1 augustus 2013 - Shigatse, China

En weer vroeg op, gisteren hebben we het pottenbakkersplein gemist. Om 7.00 uur zitten we aan de plaatselijke specialiteit curd, heerlijk dikke buffelyoghurt (curd) met vers fruit en stevige muesli. Met een goed gevulde buik gaan we op zoek naar het pottenbakkersplein. Het is nog rustig overal, de stad komt langzaam tot leven. Ook op het pottenbakkersplein zijn ze lijkt het net begonnen. Dikke diepzwarte of grijze klei wordt met de hand of met de voeten gekneed. De potten worden gedraaid, een grote ronde steen met een klein rond gat aan de zijkant wordt rondgedraaid met een stok in het gat. Als de schijf snel genoeg draait wordt er een klont klei op gegooid en vliegensvlug een pot, asbak of wat dan ook met de handen gedraaid. We mogen het proberen, niemand durft ik wil juist graag om te ervaren hoe het is, jammer voor mijn schone broek......

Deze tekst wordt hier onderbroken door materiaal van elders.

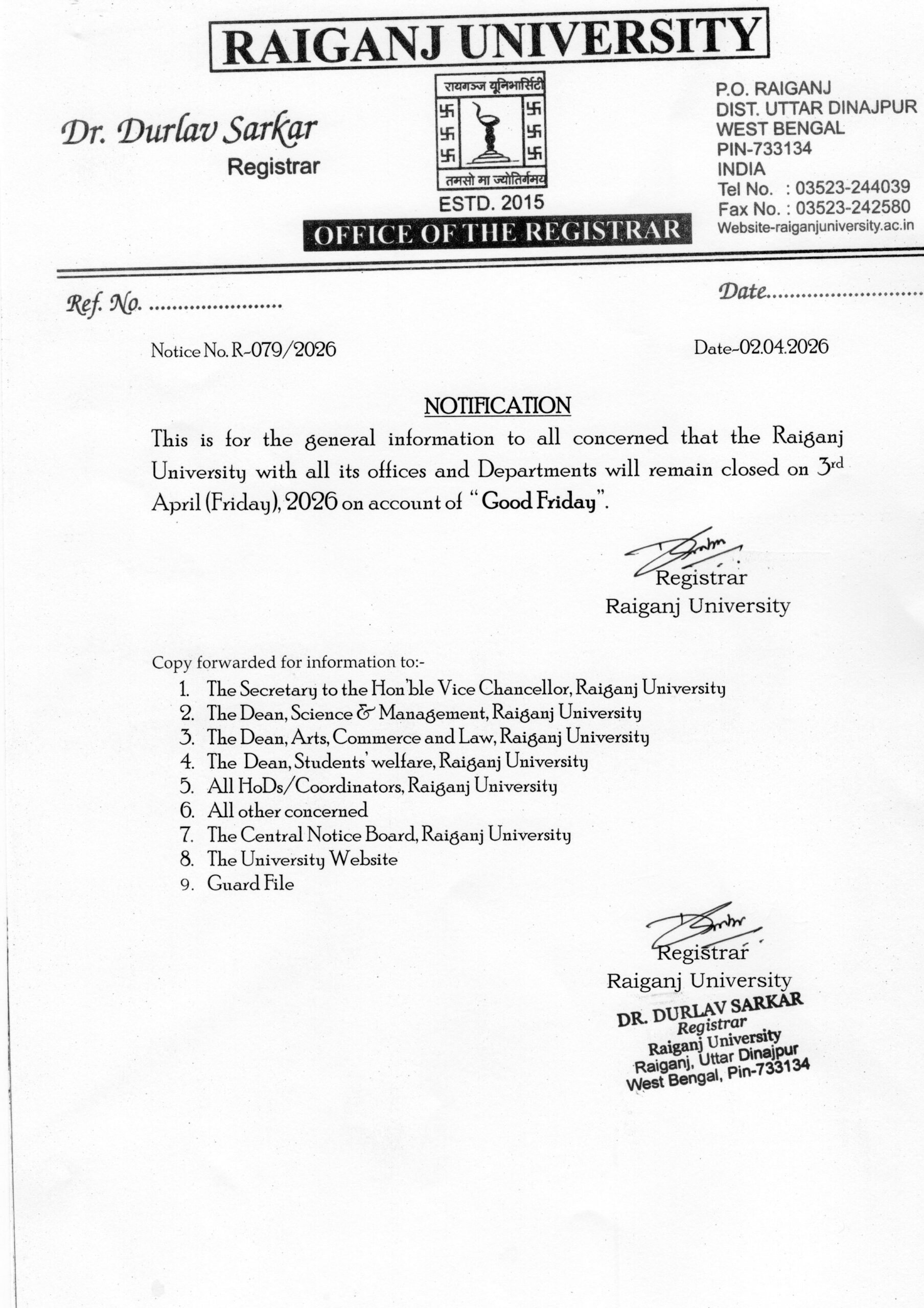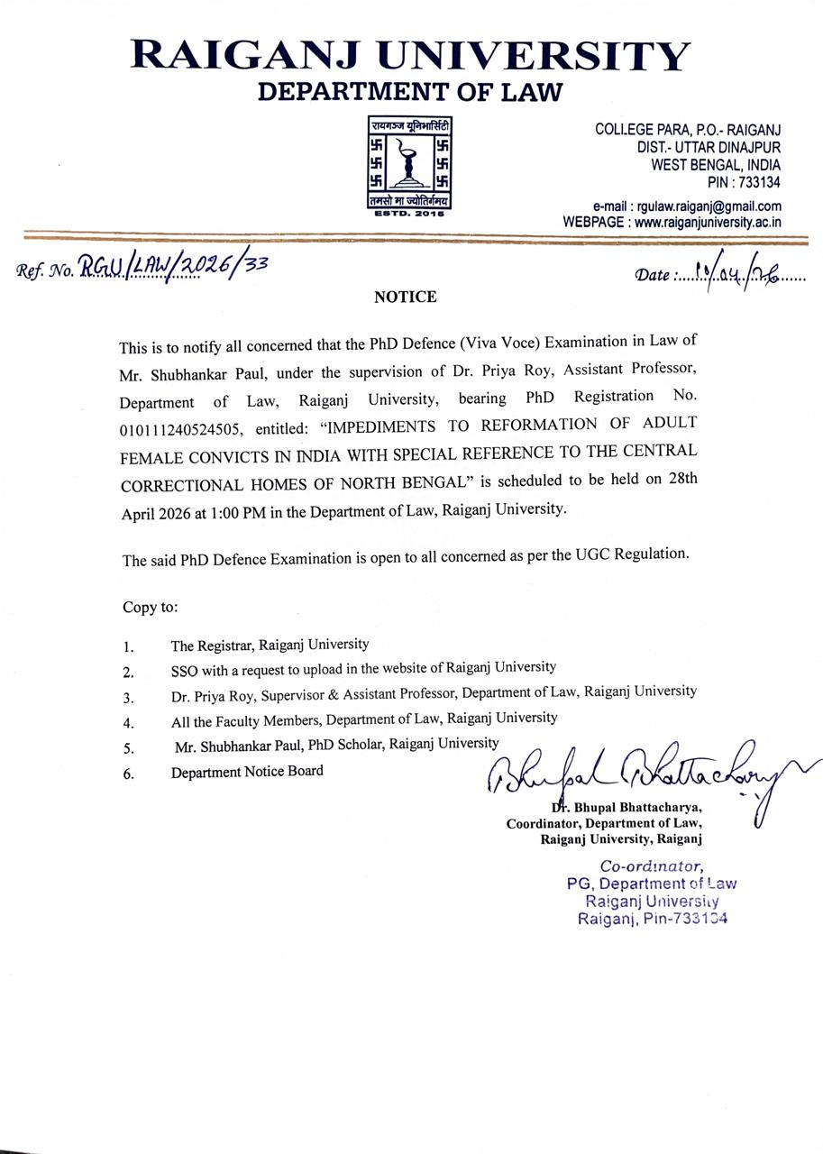 - Prof.(Dr.) Arnab Sen has joined as the Hon'ble Vice Chancellor at Raiganj University
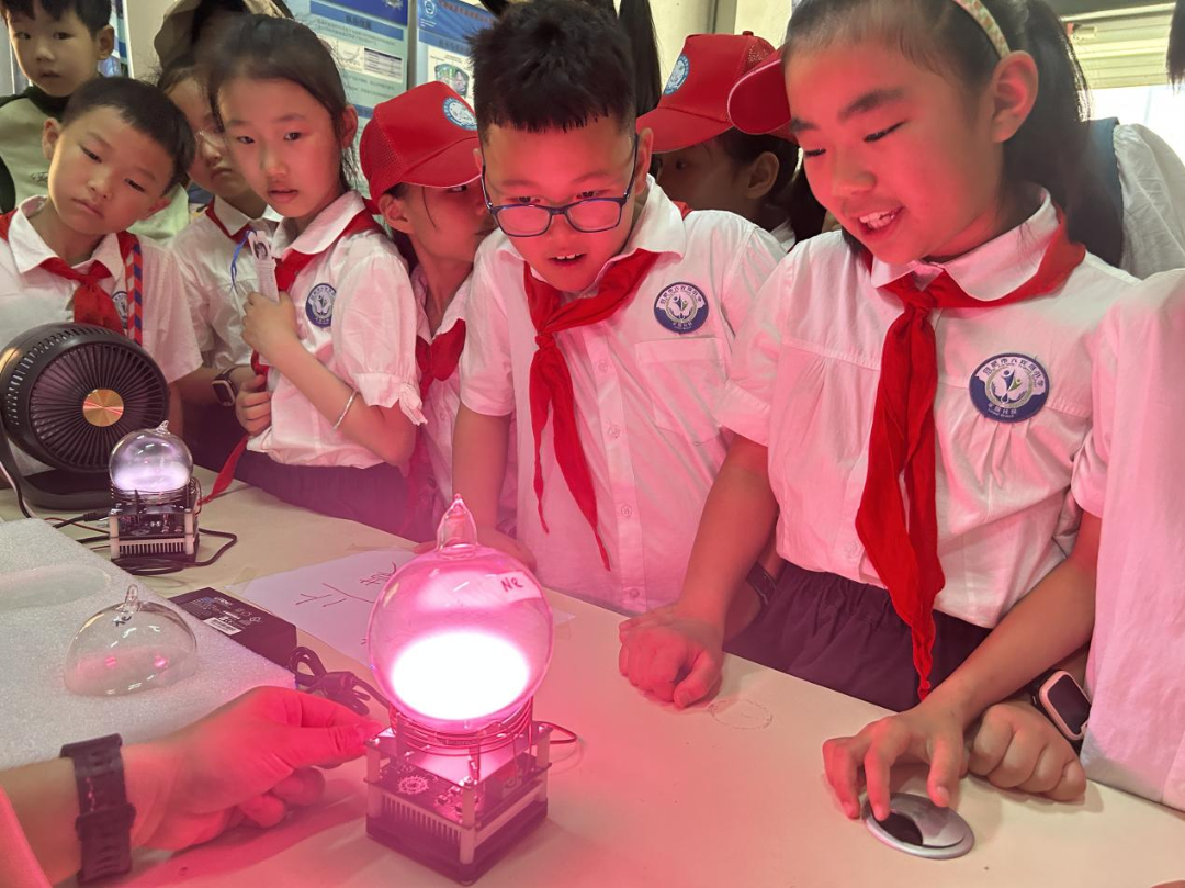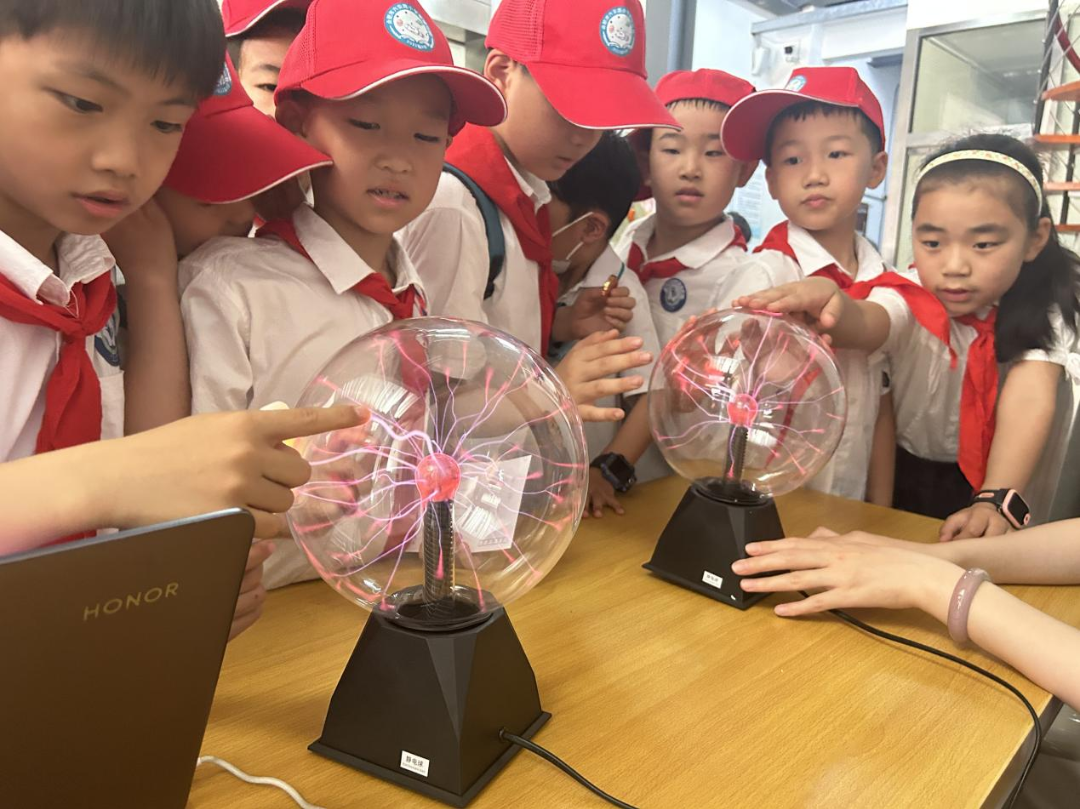“核探测与核电子学国家重点实验室”的趣味实验和互动活动是最令人流连忘返的所在了。队员们亲自感受到了趣味的特斯拉线圈的电极,亲手触摸到了充满梦幻色彩的等离子体放点球,学习到聚变能源—取之不尽用之不竭……一个个妙趣横生的科学小实验吸引着队员的关注,一次次的亲身体验带领着队员们认识科学,走进科学,探索科学。

Op het krukje, handen in het water en draaien maar. Het valt zeker niet mee, graag had ik hier een dagje les gehad. Dat gaat niet gebeuren helaas. Mijn handen zo goed en zo kwaad mogelijk weer schoon en dan betalen natuurlijk. Stom we zijn vergeten een prijs af te spreken, met minder dan 200 roepies neemt de oude (deels tandeloze en licht naar alcohol ruikende) man geen genoegen. Het is niet anders veel lol voor nog geen 2 euro.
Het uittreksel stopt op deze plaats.